What people really want is security and a better life, he wrote, which benign authoritarianism and hybrid democratic-autocratic regimes may be better able to deliver.
Tickets to Melias talk are $10, or $5 for BIAHC members, students and seniors. Kaplans talk, co-sponsored by Eagle Harbor Books, is free. The Current Event Series is co-presented by The World Affairs Council, www.world-affairs.org.
Rhona Schwartz
Critical areas, budget slated
The City Council will hold a special meeting and workshop 9:30 a.m. to 4 p.m. Oct. 17 at City Hall council chambers.

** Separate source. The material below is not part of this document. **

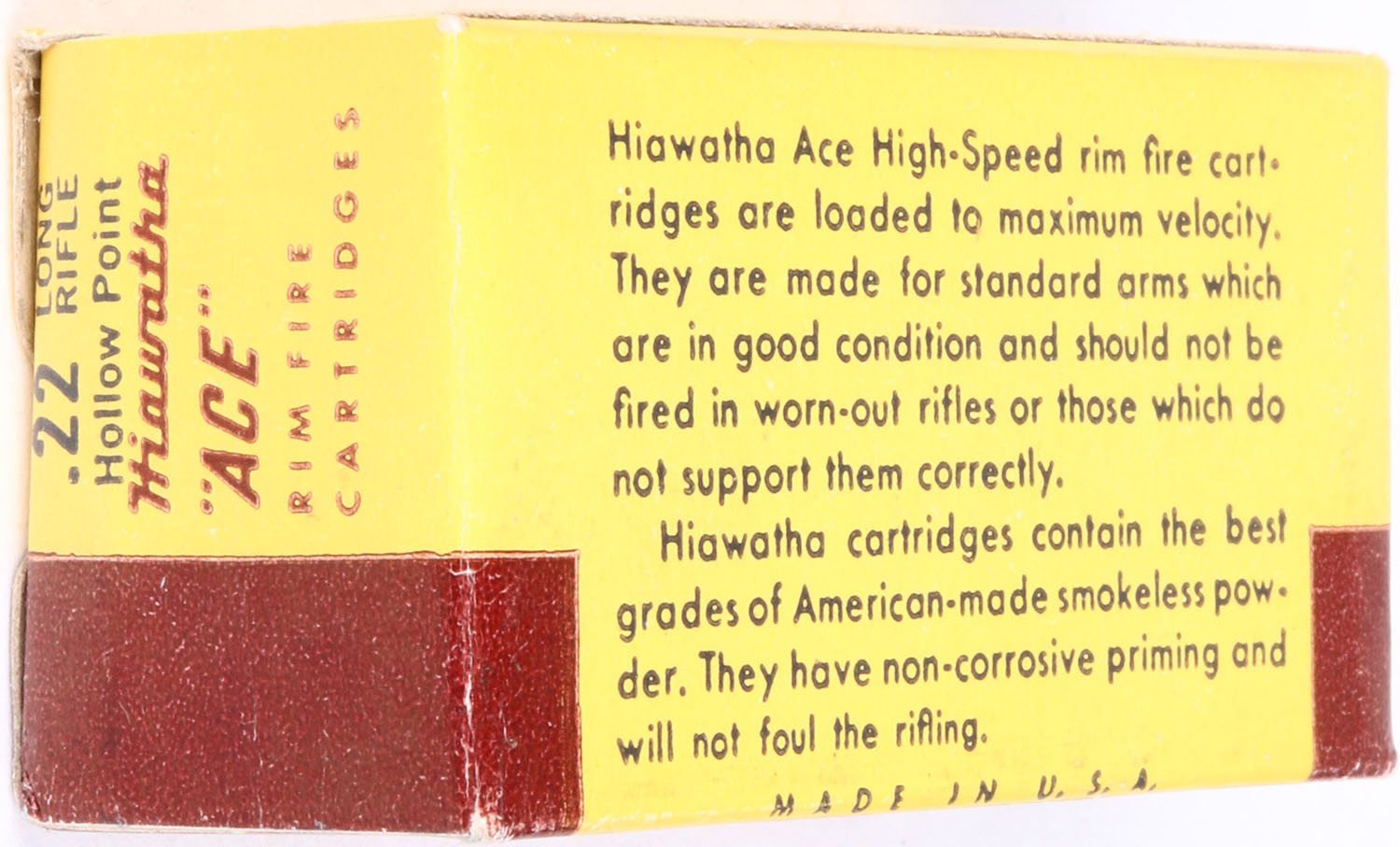Gambles, Hiawatha ''Ace'', .22 Long Rifle Hollow Point, High-Speed, RHWeb: GS-3 LR-2, Full, 1pc. Yellow & brown box, box is solid with excellent color, very minor shelf wear, corners are mostly sharp, edges are crisp, end flaps are solid, ammo is excellent. Grade: Excellent ++ - Value: 10 to 50

Up for discussion includes revisions to the Critical Areas Ordinance, governing land use in sensitive habitats from 9:30 -10 a.m.; the proposed 2006 city budget from 10:10 a.m. to noon; the councils 2006 budget policies and priorities from 1-2:45 p.m.; future budget workshops, 2:45-3 p.m.; and the ethics program from 3-4 p.m. For more information call 780-8604 or see www.ci.bainbridge-isl.wa.us.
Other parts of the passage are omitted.